Question

Genome index and Aligment with STAR- Rattus Norvegicus

0

Entering edit mode

5.4 years ago

carolgalah • 0

Hi,

I'm new at working with bioinformatics. To generate de genome index for Rattus_norvegicus on ENSEMBL we have many FASTA files (Chr1 ou Chr2...) and the Top level file.
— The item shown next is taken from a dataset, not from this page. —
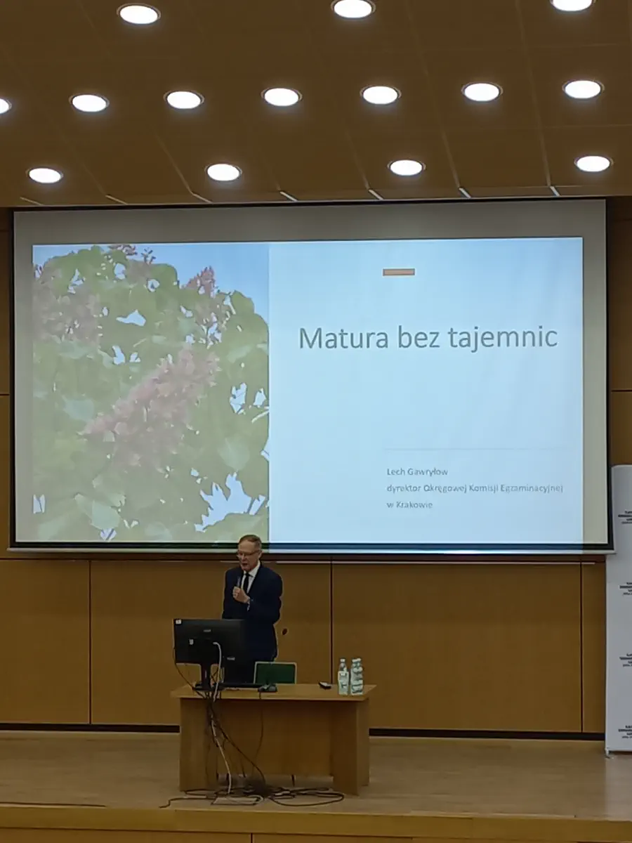 Nasi maturzyści rozpoczęli od wysłuchania wykładu "Matematyka nie polega na liczbach, równaniach, obliczeniach ani algorytmach: polega na rozumieniu". Prowadzącym był Piotr Ludwikowski - Ekspert Okręgowej Komisji Egzaminacyjnej w Krakowie. Wykład inauguracyjny "Matura bez tajemnic" poprowadził Lech Gawryłow - Dyrektor OKE w Krakowie. O egzaminie maturalnym z języka polskiego na poziomie podstawowym i rozszerzonym opowiedziała Ekspert OKE w Krakowie Teresa Bulska-Leśniak.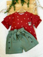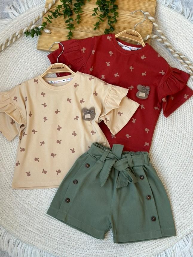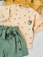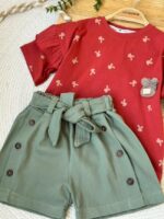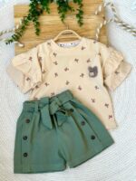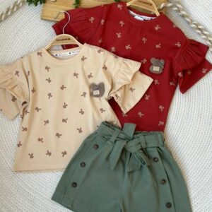 خانه دخترانه ست تیشرت شلوارک و تاپ شلوارک دخترانه تیشرت خرگوش شلوارک کتان کد 4298

Should I download the Toplevel file or Chr1 or Chr2 it`s enough.

Please, Could confirm my Script for aligment.

/moreno/STAR-master/bin/Linux_x86_64_static/STAR --runThreadN 8 --genomeDir /home/acamar2/files/reference/genomeindex --sjdbGTFfile /home/acamar2/files/annotation/Rattus_norvegicus.Rnor_6.0.94.gtf --readFilesIn /home/acamar2/rawdata/*.fastq.gz --readFilesCommand zcat --quantMode TranscriptomeSAM GeneCounts --outSAMtype BAM SortedByCoordinate --outFileNamePrefix fastq

Thanks

RNA-Seq genome alignment • 3.2k views

ADD COMMENT • link updated 5.4 years ago by Bruno Fantinatti • 0 • written 5.4 years ago by carolgalah • 0

0

Entering edit mode

Hello,

I see you are working on RNAseq data. I presume you want to see your reads on the whole genome, so you need a fasta file with all chromosomes.

On ENSEMBL ftp server for rat, you have information about the files in the README file.

TOPLEVEL

These files contains all sequence regions flagged as toplevel in an Ensembl schema. This includes chromsomes, regions not assembled into chromosomes and N padded haplotype/patch regions.

You should have take this file to create your index

First recreate your index with the proper command line then do the alignment

Copy/Paste your index command line in your post please

Also, be careful with french grammar in your post (de genome, Chr1 ou Chr2)

ADD REPLY • link 5.4 years ago by Bastien Hervé 5.3k

0

Entering edit mode

Hi,

I tried to run the alignment, but the script does not find my raw files (NO such file or directory).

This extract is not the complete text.